Ottawa will issue an announcement on Afghan interpreters
The federal government is expected to respond to growing calls this morning to bring Afghan interpreters and their families to Canada.
The government is under pressure to help interpreters and other contractors who worked for the Canadian Armed Forces during the Afghanistan War. They are now facing retaliation and may even die due to the resurrection of the Taliban.
Earlier this month, Immigration Minister Marco Mendicino stated that his department is working with the Department of Global Affairs and the Canadian Ministry of Defense to finalize “an action plan for Afghan interpreters and local staff. And his family create a corridor”.
He, Secretary of Defense Harjit Sajjan and Secretary of Foreign Affairs Marc Garneau are scheduled to announce the news at 11 am Eastern Time.

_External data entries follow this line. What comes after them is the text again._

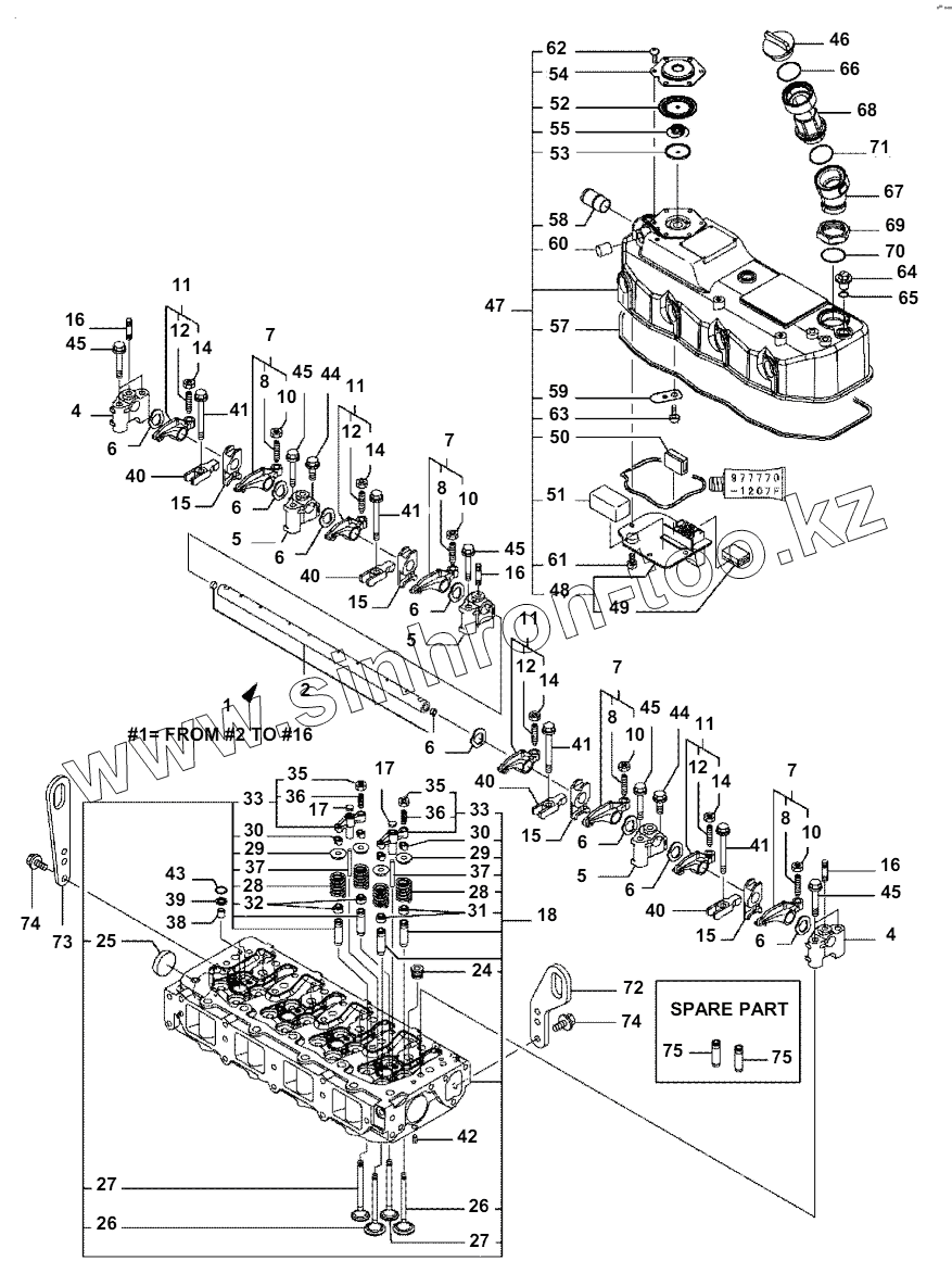 Каталог запасных частей к технике: Komatsu Погрузчик SK820. A0000-001004 CYLINDER HEAD AND BONNET
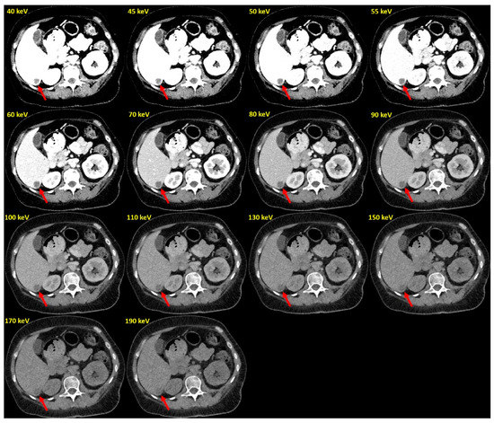 Example of PCD-VMIs (40–190 keV) in a patient with hypovascularized liver metastases of pleura mesothelioma. Hypovascularized metastasis in segment VI (arrow).
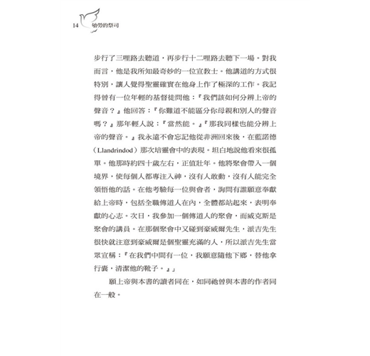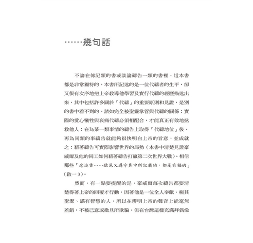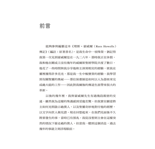 能夠參與編纂這本《理斯‧豪威爾(Rees Howells)傳記》(編註:原著書名),是我生命中一項殊榮。猶記得我第一次見到豪威爾是在一九二八年,那時我正在休假,我和他在剛成立沒有幾年的威爾斯聖經學院共度了數日,他花了一些時間與我分享他和主深刻相交的經驗,使我在靈裡獲得許多亮光,那是我一生中極寶貴的經驗。我學習到有關聖靈的奧祕—那位保惠師是如何以人為器皿來完成祂大能的工作—因此對我爾後的傳道生涯帶來很大的革新。
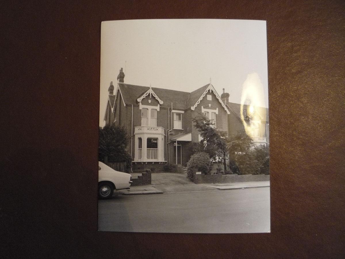 Framed colour photograph, depicting the Old Rectory at Epworth from the road. In front of the building is a low brick wall . To the sides of the building is...

During the war, Afghan interpreters worked with the Canadian military to connect them with local leaders, translate dialogues and help build local trust. Regarded as traitors by some in their country, The translator said that they live in an environment where they are afraid of being attacked or killed. Some people received threatening calls and letters promising that their family members would die and disfigured.
2009, Canada Provided asylum for approximately 800 interpreters Worried about their lives in Afghanistan, but the plan has strict standards, which means that two-thirds of Afghans who apply for asylum are turned away, according to data compiled by the Canadian Press.
To qualify for the old program, these consultants must prove that they worked for the Canadian military, diplomats, or contractors for 12 consecutive months between October 2007 and July 2011.
This excludes many interpreters. Canada first deployed special forces to Afghanistan in the fall of 2001, then deployed a battle group in 2002, then performed missions in Kabul, and then returned to Kandahar in 2006.
Opposition party urges swift action
Federal New Democratic Party defense critic Randall Garrison worked for Amnesty International in Afghanistan before becoming a politician, and he has been urging the government to act quickly.
He told CBC: “If you monitor the situation, it will eventually lead to the death of the interpreter and their families, not safety.” current Earlier this month.
The Conservative Party also supports calls for the government to repatriate vulnerable groups.
“These brave Afghans risk their lives to help our military heroes,” Conservative Party leader Irene O’Toole said in a statement. “We abandoned them when they needed it. This is obviously non-Canadian and wrong.”
Canada’s military intervention in Afghanistan officially ended in 2014.